───── Data provided

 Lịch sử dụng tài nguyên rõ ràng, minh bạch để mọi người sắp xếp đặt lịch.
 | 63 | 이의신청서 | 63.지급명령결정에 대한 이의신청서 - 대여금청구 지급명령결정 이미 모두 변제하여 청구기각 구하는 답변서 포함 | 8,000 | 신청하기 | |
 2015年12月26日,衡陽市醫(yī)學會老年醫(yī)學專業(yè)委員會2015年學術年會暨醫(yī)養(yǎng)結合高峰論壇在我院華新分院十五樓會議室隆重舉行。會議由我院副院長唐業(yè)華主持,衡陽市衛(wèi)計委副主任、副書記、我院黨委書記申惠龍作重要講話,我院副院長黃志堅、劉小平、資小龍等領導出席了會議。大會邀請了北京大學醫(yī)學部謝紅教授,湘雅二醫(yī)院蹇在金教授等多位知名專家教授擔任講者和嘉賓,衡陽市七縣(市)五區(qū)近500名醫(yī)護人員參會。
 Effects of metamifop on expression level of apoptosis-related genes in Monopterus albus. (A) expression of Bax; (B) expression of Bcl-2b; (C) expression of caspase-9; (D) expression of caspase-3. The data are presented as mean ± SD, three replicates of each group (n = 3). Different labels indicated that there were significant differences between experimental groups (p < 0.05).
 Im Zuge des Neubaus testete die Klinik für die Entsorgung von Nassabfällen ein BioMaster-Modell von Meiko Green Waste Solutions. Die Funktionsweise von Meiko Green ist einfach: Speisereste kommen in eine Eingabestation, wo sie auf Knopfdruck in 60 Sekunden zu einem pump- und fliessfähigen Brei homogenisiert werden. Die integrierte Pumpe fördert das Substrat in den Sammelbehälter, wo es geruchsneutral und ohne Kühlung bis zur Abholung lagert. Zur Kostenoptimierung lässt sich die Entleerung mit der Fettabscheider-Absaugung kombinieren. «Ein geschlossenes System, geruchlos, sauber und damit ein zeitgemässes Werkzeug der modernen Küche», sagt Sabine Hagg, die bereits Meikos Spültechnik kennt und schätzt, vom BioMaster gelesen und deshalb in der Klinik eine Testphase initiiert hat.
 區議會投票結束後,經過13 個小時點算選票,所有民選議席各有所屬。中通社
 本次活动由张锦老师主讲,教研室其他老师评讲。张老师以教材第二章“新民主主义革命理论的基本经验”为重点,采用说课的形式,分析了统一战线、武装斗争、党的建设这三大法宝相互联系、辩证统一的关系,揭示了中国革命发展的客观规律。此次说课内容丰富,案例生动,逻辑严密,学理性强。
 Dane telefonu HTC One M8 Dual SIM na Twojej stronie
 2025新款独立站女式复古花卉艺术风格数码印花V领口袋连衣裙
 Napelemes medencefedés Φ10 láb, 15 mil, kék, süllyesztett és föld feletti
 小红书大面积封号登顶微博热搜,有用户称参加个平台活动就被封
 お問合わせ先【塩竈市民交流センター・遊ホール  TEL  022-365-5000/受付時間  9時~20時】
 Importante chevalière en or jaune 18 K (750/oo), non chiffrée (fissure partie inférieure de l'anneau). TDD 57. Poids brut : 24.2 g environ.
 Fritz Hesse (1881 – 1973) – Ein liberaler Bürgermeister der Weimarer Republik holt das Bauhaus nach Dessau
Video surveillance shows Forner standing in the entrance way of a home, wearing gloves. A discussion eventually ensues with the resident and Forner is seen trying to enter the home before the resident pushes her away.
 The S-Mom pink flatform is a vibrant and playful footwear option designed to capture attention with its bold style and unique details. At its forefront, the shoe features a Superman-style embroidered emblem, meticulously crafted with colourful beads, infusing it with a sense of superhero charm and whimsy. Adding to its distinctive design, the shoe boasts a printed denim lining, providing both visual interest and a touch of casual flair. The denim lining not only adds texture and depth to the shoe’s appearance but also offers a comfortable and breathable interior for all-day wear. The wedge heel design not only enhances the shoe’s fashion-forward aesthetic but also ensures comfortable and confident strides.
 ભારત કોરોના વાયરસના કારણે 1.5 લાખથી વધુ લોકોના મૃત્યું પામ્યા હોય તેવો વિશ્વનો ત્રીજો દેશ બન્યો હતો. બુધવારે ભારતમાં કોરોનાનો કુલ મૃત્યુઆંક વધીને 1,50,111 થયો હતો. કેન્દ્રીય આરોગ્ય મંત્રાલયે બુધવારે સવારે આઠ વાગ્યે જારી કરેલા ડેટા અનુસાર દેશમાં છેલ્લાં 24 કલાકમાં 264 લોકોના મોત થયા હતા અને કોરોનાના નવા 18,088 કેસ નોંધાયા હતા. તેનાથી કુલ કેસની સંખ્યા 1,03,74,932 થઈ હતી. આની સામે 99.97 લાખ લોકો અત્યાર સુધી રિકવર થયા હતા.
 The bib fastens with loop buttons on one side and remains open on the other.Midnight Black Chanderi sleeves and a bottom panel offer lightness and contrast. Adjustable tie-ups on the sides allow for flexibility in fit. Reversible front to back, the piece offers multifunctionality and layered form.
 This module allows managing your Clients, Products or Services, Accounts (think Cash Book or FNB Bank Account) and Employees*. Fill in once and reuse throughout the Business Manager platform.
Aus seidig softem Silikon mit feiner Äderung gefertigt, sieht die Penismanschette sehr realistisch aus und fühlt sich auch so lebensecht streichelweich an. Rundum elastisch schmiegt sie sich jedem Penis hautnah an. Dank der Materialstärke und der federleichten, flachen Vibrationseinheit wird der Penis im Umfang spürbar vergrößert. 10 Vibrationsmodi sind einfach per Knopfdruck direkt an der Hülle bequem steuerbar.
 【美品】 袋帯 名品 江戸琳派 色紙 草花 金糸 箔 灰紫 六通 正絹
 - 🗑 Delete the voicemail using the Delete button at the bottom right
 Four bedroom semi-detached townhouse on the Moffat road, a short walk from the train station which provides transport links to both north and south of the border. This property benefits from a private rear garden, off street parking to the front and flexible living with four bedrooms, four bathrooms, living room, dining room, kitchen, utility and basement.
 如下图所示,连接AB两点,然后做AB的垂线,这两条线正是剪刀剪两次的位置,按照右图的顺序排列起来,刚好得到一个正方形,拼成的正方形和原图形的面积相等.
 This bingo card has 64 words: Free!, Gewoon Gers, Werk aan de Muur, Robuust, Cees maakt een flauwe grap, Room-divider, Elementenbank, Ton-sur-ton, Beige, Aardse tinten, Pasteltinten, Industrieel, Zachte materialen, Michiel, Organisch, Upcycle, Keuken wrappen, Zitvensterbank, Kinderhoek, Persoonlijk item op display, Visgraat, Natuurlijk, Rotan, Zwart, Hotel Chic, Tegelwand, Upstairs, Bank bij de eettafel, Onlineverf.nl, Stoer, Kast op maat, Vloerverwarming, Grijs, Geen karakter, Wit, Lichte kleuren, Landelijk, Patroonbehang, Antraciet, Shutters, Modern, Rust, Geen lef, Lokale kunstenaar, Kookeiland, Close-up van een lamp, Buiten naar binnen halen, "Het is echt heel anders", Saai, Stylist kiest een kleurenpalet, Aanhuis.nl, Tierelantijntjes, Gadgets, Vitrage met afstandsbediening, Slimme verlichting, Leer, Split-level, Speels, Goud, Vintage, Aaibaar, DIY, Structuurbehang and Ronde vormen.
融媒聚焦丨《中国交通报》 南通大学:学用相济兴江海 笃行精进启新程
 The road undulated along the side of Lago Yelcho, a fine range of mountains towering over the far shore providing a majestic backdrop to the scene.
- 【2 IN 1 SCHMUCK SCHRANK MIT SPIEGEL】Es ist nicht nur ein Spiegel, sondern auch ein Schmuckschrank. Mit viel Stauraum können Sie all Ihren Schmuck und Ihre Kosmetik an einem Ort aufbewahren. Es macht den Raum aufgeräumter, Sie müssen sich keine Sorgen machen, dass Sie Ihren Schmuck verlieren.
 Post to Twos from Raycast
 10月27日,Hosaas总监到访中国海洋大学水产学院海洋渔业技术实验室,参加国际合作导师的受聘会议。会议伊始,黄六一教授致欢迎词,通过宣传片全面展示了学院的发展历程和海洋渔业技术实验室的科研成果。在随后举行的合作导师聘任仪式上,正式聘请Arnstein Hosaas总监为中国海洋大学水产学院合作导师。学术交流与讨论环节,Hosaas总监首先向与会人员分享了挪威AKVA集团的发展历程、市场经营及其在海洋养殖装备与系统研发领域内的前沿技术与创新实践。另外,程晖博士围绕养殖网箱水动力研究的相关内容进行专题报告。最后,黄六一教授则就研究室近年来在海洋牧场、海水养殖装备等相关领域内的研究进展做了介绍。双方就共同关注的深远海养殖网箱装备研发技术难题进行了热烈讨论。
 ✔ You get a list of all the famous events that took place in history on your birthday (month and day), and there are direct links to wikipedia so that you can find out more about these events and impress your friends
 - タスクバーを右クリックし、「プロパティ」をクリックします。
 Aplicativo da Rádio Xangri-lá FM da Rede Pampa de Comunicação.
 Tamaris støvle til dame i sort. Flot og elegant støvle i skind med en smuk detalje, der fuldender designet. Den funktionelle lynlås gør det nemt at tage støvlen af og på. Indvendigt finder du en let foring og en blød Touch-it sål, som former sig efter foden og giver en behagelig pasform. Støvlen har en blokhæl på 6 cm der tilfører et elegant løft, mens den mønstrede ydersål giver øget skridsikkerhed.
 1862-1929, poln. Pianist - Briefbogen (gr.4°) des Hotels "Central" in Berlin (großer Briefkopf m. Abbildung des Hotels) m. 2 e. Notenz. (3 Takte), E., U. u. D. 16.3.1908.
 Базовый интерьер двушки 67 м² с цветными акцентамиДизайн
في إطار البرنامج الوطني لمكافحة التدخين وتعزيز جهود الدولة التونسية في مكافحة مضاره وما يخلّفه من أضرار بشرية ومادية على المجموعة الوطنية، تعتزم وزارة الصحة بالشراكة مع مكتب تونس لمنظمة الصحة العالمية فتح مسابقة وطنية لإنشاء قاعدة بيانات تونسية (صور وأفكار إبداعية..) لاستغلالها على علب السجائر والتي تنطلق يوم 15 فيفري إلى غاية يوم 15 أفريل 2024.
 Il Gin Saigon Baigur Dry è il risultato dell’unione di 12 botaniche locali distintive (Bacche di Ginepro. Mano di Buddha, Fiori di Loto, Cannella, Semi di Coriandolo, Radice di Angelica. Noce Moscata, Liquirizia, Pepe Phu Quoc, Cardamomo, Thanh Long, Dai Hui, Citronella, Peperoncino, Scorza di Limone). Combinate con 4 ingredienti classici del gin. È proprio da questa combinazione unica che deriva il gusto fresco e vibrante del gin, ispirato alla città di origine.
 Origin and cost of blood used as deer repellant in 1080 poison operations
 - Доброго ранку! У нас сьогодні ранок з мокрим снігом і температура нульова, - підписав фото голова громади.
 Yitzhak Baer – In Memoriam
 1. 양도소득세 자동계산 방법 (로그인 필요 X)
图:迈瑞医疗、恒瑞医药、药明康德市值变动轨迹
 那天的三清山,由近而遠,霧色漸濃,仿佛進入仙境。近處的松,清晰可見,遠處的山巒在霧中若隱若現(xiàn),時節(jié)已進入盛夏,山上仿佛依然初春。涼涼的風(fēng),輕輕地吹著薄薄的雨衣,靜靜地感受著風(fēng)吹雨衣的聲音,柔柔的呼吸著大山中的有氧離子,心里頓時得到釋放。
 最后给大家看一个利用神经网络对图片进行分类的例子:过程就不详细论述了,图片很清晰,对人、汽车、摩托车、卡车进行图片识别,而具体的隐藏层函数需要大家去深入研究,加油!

──────────

Work order:
Beginning with the line above that contains "Post to Twos from Raycast", copy each line exactly up to and including the line that contains "Tamaris støvle til", and go no further.

Your response:
 Post to Twos from Raycast
 10月27日,Hosaas总监到访中国海洋大学水产学院海洋渔业技术实验室,参加国际合作导师的受聘会议。会议伊始,黄六一教授致欢迎词,通过宣传片全面展示了学院的发展历程和海洋渔业技术实验室的科研成果。在随后举行的合作导师聘任仪式上,正式聘请Arnstein Hosaas总监为中国海洋大学水产学院合作导师。学术交流与讨论环节,Hosaas总监首先向与会人员分享了挪威AKVA集团的发展历程、市场经营及其在海洋养殖装备与系统研发领域内的前沿技术与创新实践。另外,程晖博士围绕养殖网箱水动力研究的相关内容进行专题报告。最后,黄六一教授则就研究室近年来在海洋牧场、海水养殖装备等相关领域内的研究进展做了介绍。双方就共同关注的深远海养殖网箱装备研发技术难题进行了热烈讨论。
 ✔ You get a list of all the famous events that took place in history on your birthday (month and day), and there are direct links to wikipedia so that you can find out more about these events and impress your friends
 - タスクバーを右クリックし、「プロパティ」をクリックします。
 Aplicativo da Rádio Xangri-lá FM da Rede Pampa de Comunicação.
 Tamaris støvle til dame i sort. Flot og elegant støvle i skind med en smuk detalje, der fuldender designet. Den funktionelle lynlås gør det nemt at tage støvlen af og på. Indvendigt finder du en let foring og en blød Touch-it sål, som former sig efter foden og giver en behagelig pasform. Støvlen har en blokhæl på 6 cm der tilfører et elegant løft, mens den mønstrede ydersål giver øget skridsikkerhed.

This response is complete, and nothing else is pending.